Broughton Rugby Union Football Club is a rugby union club based in Salford, Greater Manchester, which at the time of the club's founding in 1869 was in Lancashire, England. Its home venue is the Broughton Cricket & Rugby Club pitch on Yew Street. Broughton, although it currently occupies a low position in the English rugby union league system, is notable for its early important contributions to the development of rugby union most predominantly in the north of England, but also nationally. Broughton also hosted the first ever rugby match played under floodlights.

==History==
Broughton was the first Broughton football club in Manchester, founded by members of a club known in 1869 as Broughton College, formed from former pupils of Broughton College, a public school in Salford at the time. Its foundation in 1869 predates both the formation of Broughton Rangers (1877) and Broughton Park RUFC (1882). After playing two or three seasons on the Broughton Cricket Ground they changed their appellation to the Broughton Wasps, and soon played some of the strongest teams in the North. In 1877, the same year that Broughton Rangers were formed, the Wasps amalgamated with another Broughton club known as Wellington, who it is reported "were the first club to introduce the passing game into Lancashire, and brought it to such perfection, that, in spite of their youth, they succeeded in beating many of the principal clubs of the district.".

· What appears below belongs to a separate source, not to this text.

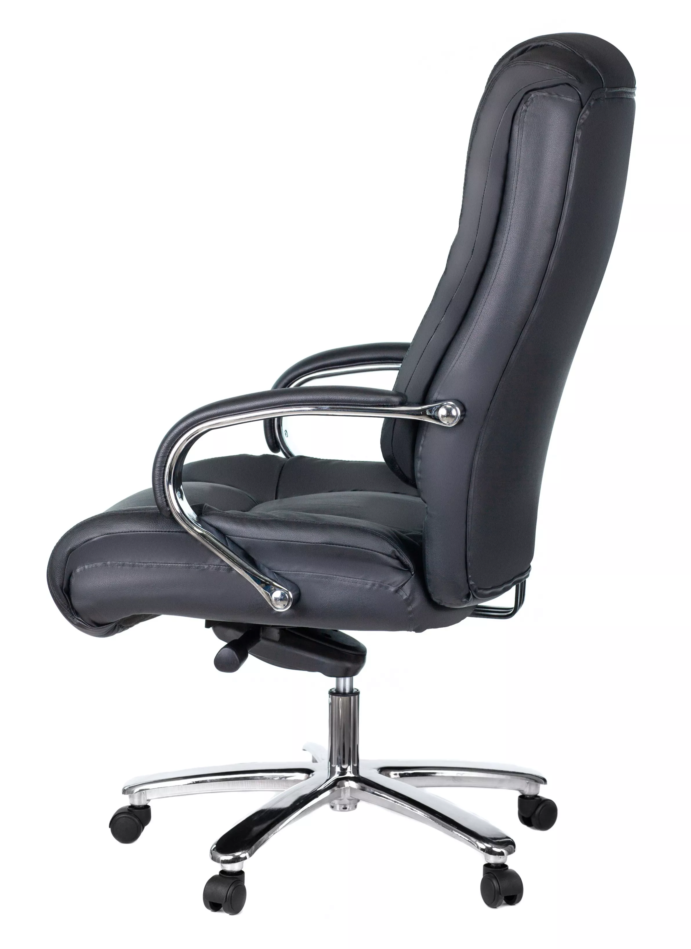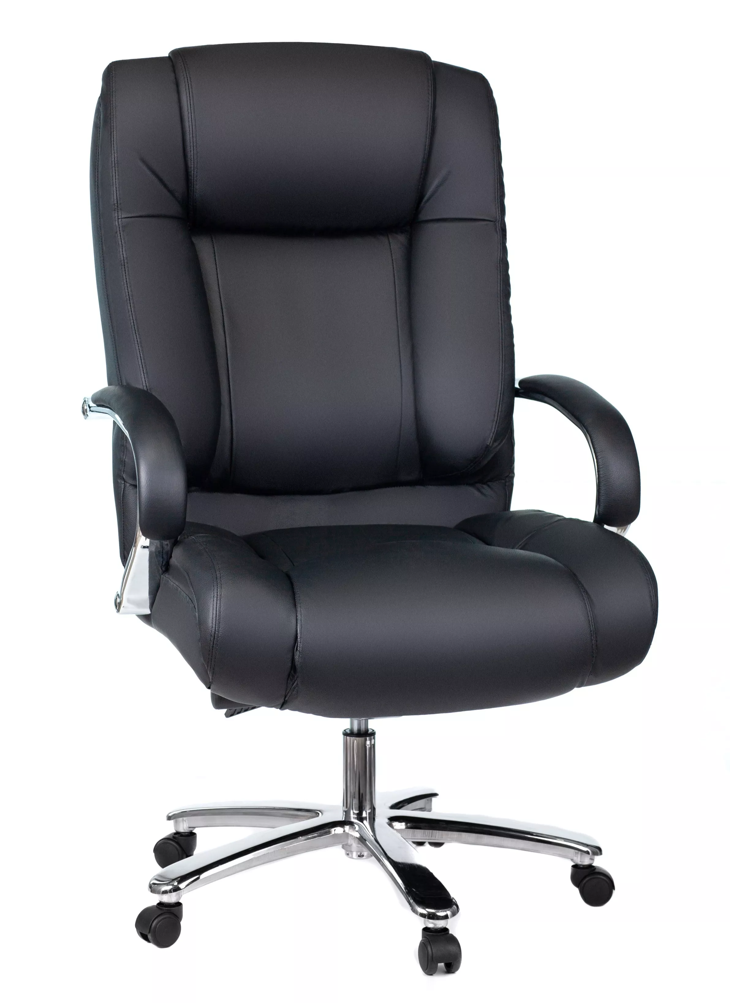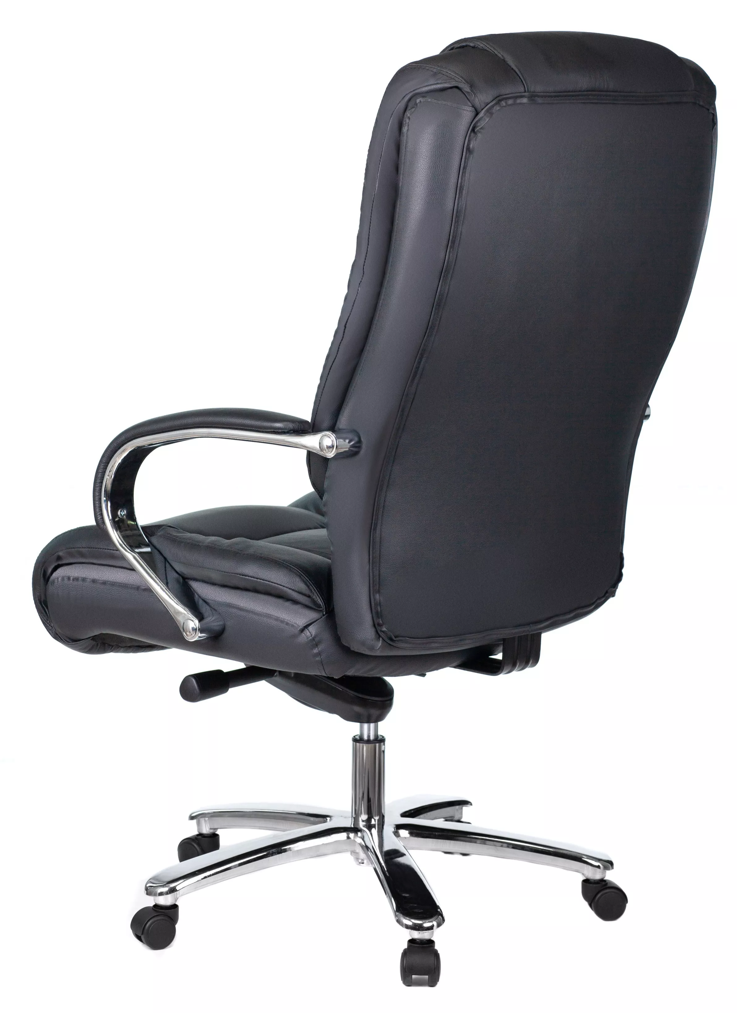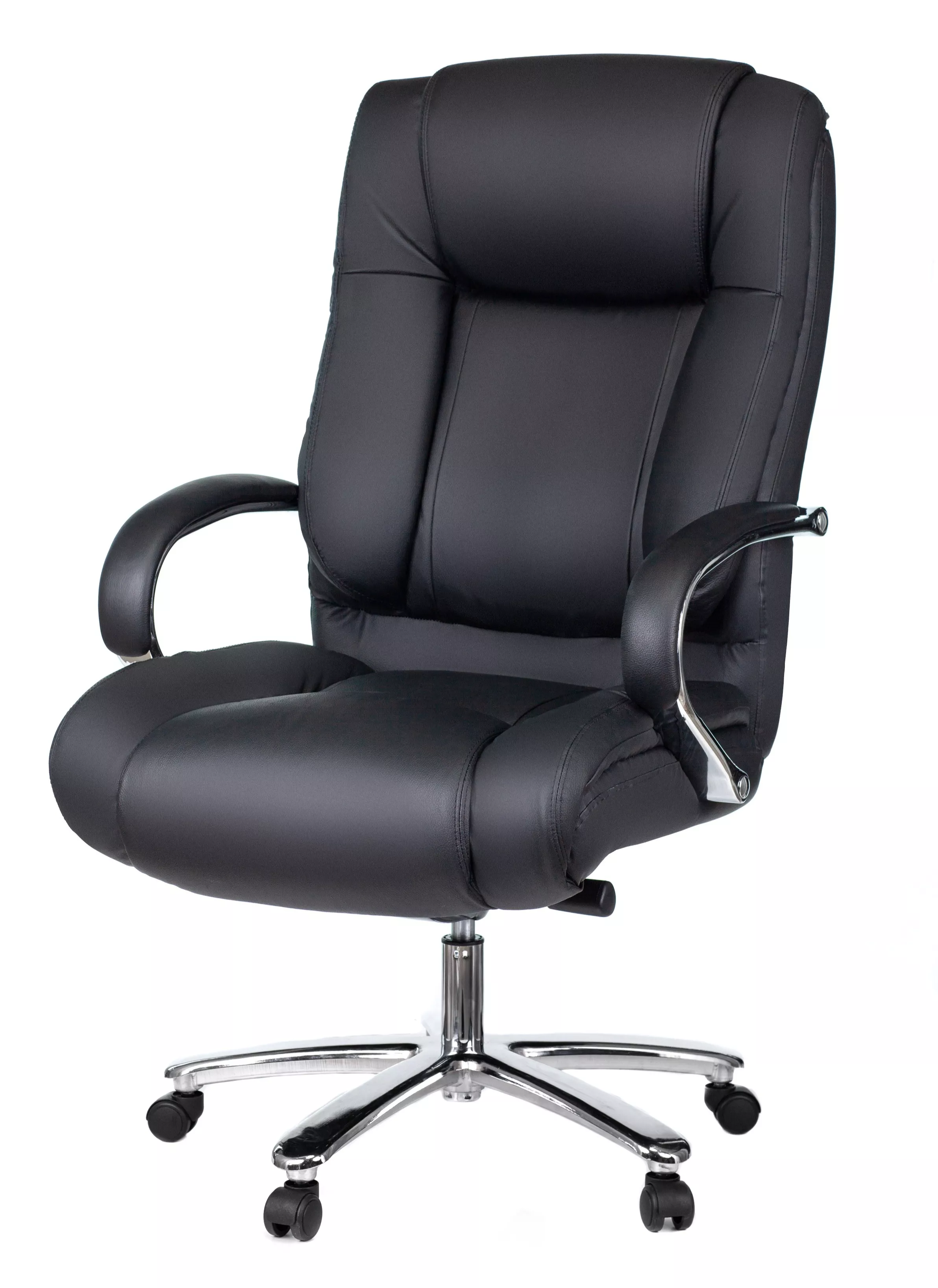 Кресло изготовлено из высококачественной экокожи черного цвета, которая отличается прочностью, гибкостью и долговечностью. Внешнее покрытие выглядит презентабельно и не поддается загрязнениям. Пластиковые колеса подходят для любого покрытия. Они не поцарапают ламинат, линолеум или паркет. Зафикси...

===Lancashire Football Union===
Broughton also played a pivotal role in the formation of the Lancashire Football Union (later to be called the Lancashire County Rugby Football Union). From 1870 to 1881 the government and arrangement of county matches in Lancashire had been vested in Manchester Football Club. Though self-appointed, Manchester was recognised as the authority by the other great Lancashire club, Liverpool. However, a movement of emerging new clubs, headed by W. Bell, the honorary secretary of the Broughton Football Club, had an objective to secure a voice in the selection of county teams. In 1881 a general meeting of Lancashire clubs was called at which the following clubs were represented: Manchester Rangers; Free Wanderers; Broughton; Swinton; Walton; Rossendale; Oldham; Manchester Athletic; Rochdale Hornets; Chorley Birch; and Cheetham and a resolution to form the Lancashire Football Union was agreed. The initial committee had W. Bell as its honorary secretary and G. C. Lindsay as the honorary treasurer. Two county matches were arranged altogether versus the Midland Counties and Lanarkshire (Scotland). Manchester then decided to wrest control of the county back, and on 22 December 1881 met with the new Union and a duly constituted and representative governing body, its club to be called The Lancashire County Football Club, was formed. Although the president, vice-presidents, the hon. secretary and treasurer were elected from the Manchester Football Club and the Liverpool Club, Broughton was represented by Bell on the committee.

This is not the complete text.